■ WHAT YOU ARE ASKED TO DO ■
All records below must be reproduced exactly, although any pictures they contain are to be omitted.

■ AVAILABLE DATA ■
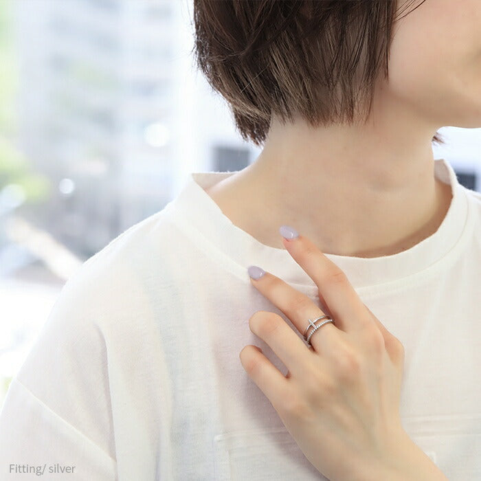 ring-18 リング 指輪 レディース クロス 2連 シルバー ゴールド 金属アレルギー シンプル 18k 18金 k18 ニッケルフリー 12号 ファッションリング ゴールドリング シルバーリング 18Kコーティング ストーン キラキラ キュービックジルコニア 上品 大人可愛い 凛
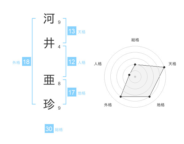 河井 亜珍さんの天格は13画の5点!
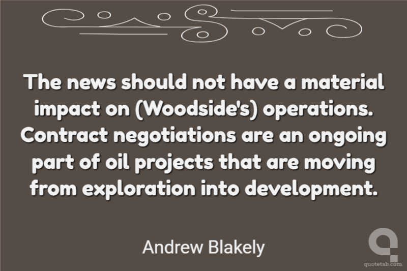 The news should not have a material impact on (Woodside's) operations. Contract negotiations are an ongoing part of oil projects that are moving from exploration into development.
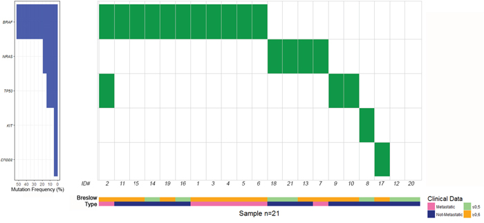 Table 2: Distribution of 21 metastatic and not-metastatic thin melanoma cases according to all gene mutations and specific mutated genes
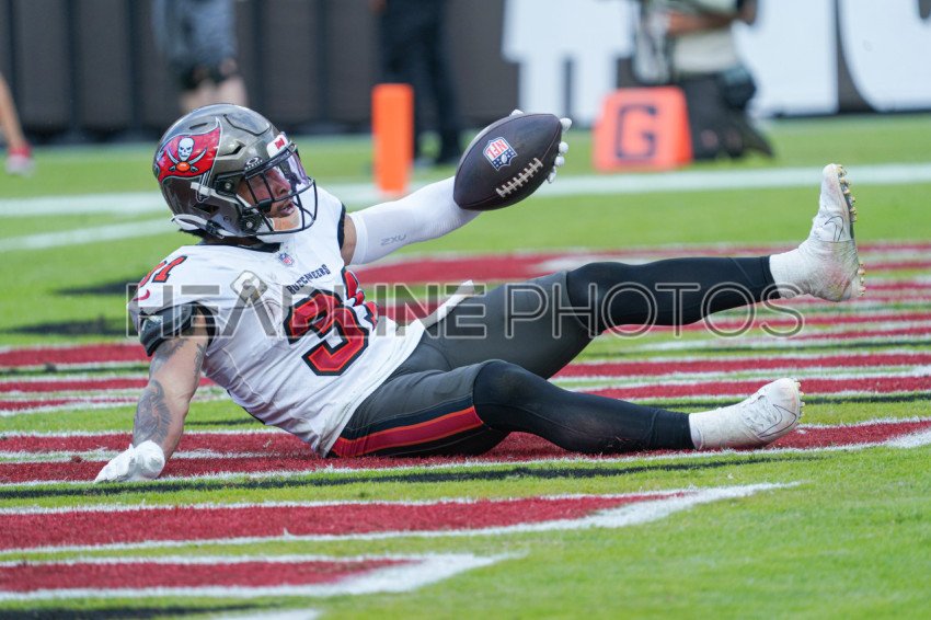 Tampa Bay, Florida, USA, November 12, 2023, Tampa Bay Buccaneers player Antoine Winfield Jr #31 celebrate after making an interception at Raymond James Stadium. (Photo Credit: Marty Jean-Louis)
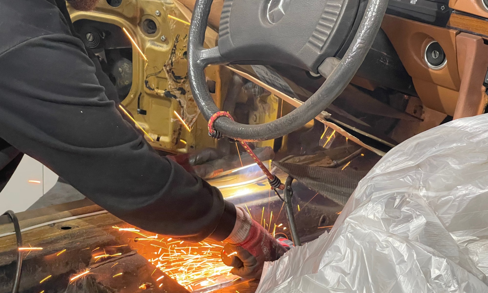 Das Ausbeulen übernimmt Martins Kollege Dima, ein gelernter Karosseriebauer.
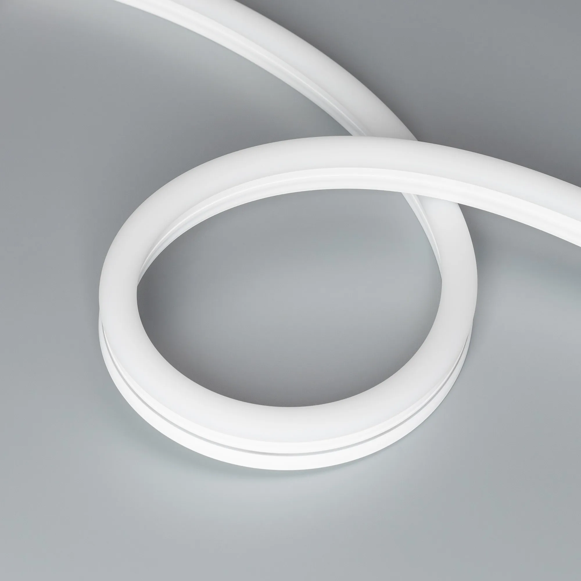 Гибкая герметичная лента (неон серии MOONLIGHT), сечение 12×24 мм. Светодиоды SMD 2835 140 шт/м. Цвет свечения ТЕПЛЫЙ БЕЛЫЙ (3000 К), индекс цветопередачи CRI>80, световой поток 440 лм/м, угол излучения 178°. Мощность 9.6 Вт/м, питание 24 В. Класс пылевлагозащиты IP68. Размеры 5000×12×24 мм. Мин. отрезок 50 мм. Горизонтальный изгиб SIDE, минимальный радиус изгиба 60 мм. Вывод кабеля с двух сторон. Катушка 5 м. Цена за 1 м. Гарантия 3 года.
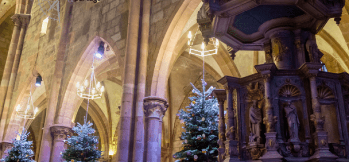 Maar Sélestat is ook een stad van volkstradities: de heksentoren, de broederschappen, de legendes van de gevreesde Hans Trapp, en vooral de allereerste schriftelijke vermelding van een kerstboom, gedateerd 1521 en hier bewaard in het gemeentearchief.
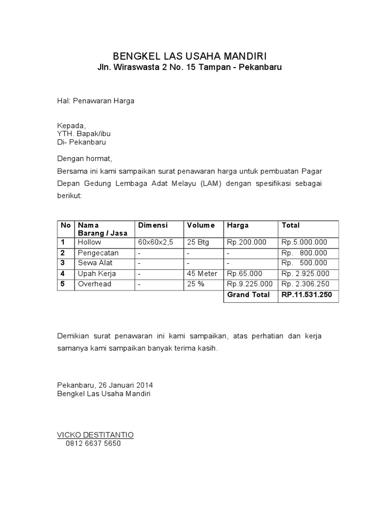 Contoh Surat Penawaran Harga Bengkel Las Contoh Surat from i2.wp.com Sebuah surat penawaran barang dibuat dalam bentuk surat formal yang di dalamnya tertera dengan jelas penjelasan mengenai barang atau jasa yang sedang ditawarkan beserta rincian harganya. Surat penawaran barang /produk dan harga. Contoh surat penawaran merupakan salah satu dari surat resmi yang sangat penting bagi seorang pengusaha, pedagang, jasa dan barang. Berdasarkan contoh surat penawaran harga tersebut, ada beberapa komponen yang perlu ada, antara lain pada surat penawaran harga, informasi mengenai produk yang ditawarkan wajib ada. Karakteristik utama dari surat penawaran berisi tentang harga dan penjualan. Bagi para pelaku usaha bengkel las tentunya pada saat menghadapi klien yang sifatnya formal tidak lepas dari urusan administrasi surat menyurat. Jenis pertama yaitu surat penawaran harga. Anda bisa melampirkan dokumen berisi harga maupun katalog bersamaan dengan surat.
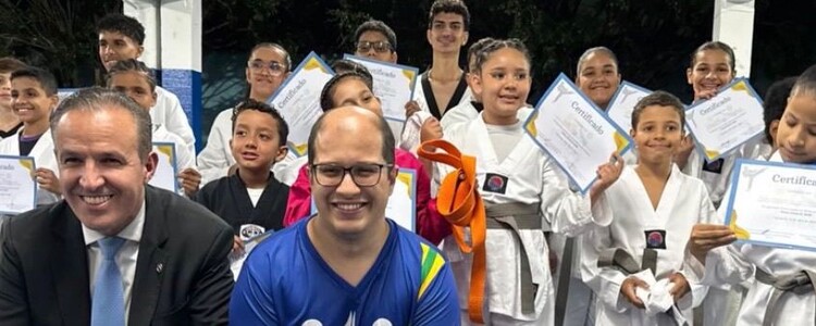 No dia 22 de abril, o Deputado Estadual Coronel Henrique participou do exame de faixa preta de karatê dos alunos do Instituto Semear, em Contagem, ao lado do presidente da instituição, Juninho Seme.

■ SOLUTION TO THIS PROBLEM ■
 ring-18 リング 指輪 レディース クロス 2連 シルバー ゴールド 金属アレルギー シンプル 18k 18金 k18 ニッケルフリー 12号 ファッションリング ゴールドリング シルバーリング 18Kコーティング ストーン キラキラ キュービックジルコニア 上品 大人可愛い 凛
 河井 亜珍さんの天格は13画の5点!
 The news should not have a material impact on (Woodside's) operations. Contract negotiations are an ongoing part of oil projects that are moving from exploration into development.
 Table 2: Distribution of 21 metastatic and not-metastatic thin melanoma cases according to all gene mutations and specific mutated genes
 Tampa Bay, Florida, USA, November 12, 2023, Tampa Bay Buccaneers player Antoine Winfield Jr #31 celebrate after making an interception at Raymond James Stadium. (Photo Credit: Marty Jean-Louis)
 Das Ausbeulen übernimmt Martins Kollege Dima, ein gelernter Karosseriebauer.
 Гибкая герметичная лента (неон серии MOONLIGHT), сечение 12×24 мм. Светодиоды SMD 2835 140 шт/м. Цвет свечения ТЕПЛЫЙ БЕЛЫЙ (3000 К), индекс цветопередачи CRI>80, световой поток 440 лм/м, угол излучения 178°. Мощность 9.6 Вт/м, питание 24 В. Класс пылевлагозащиты IP68. Размеры 5000×12×24 мм. Мин. отрезок 50 мм. Горизонтальный изгиб SIDE, минимальный радиус изгиба 60 мм. Вывод кабеля с двух сторон. Катушка 5 м. Цена за 1 м. Гарантия 3 года.
 Maar Sélestat is ook een stad van volkstradities: de heksentoren, de broederschappen, de legendes van de gevreesde Hans Trapp, en vooral de allereerste schriftelijke vermelding van een kerstboom, gedateerd 1521 en hier bewaard in het gemeentearchief.
 Contoh Surat Penawaran Harga Bengkel Las Contoh Surat from i2.wp.com Sebuah surat penawaran barang dibuat dalam bentuk surat formal yang di dalamnya tertera dengan jelas penjelasan mengenai barang atau jasa yang sedang ditawarkan beserta rincian harganya. Surat penawaran barang /produk dan harga. Contoh surat penawaran merupakan salah satu dari surat resmi yang sangat penting bagi seorang pengusaha, pedagang, jasa dan barang. Berdasarkan contoh surat penawaran harga tersebut, ada beberapa komponen yang perlu ada, antara lain pada surat penawaran harga, informasi mengenai produk yang ditawarkan wajib ada. Karakteristik utama dari surat penawaran berisi tentang harga dan penjualan. Bagi para pelaku usaha bengkel las tentunya pada saat menghadapi klien yang sifatnya formal tidak lepas dari urusan administrasi surat menyurat. Jenis pertama yaitu surat penawaran harga. Anda bisa melampirkan dokumen berisi harga maupun katalog bersamaan dengan surat.
 No dia 22 de abril, o Deputado Estadual Coronel Henrique participou do exame de faixa preta de karatê dos alunos do Instituto Semear, em Contagem, ao lado do presidente da instituição, Juninho Seme.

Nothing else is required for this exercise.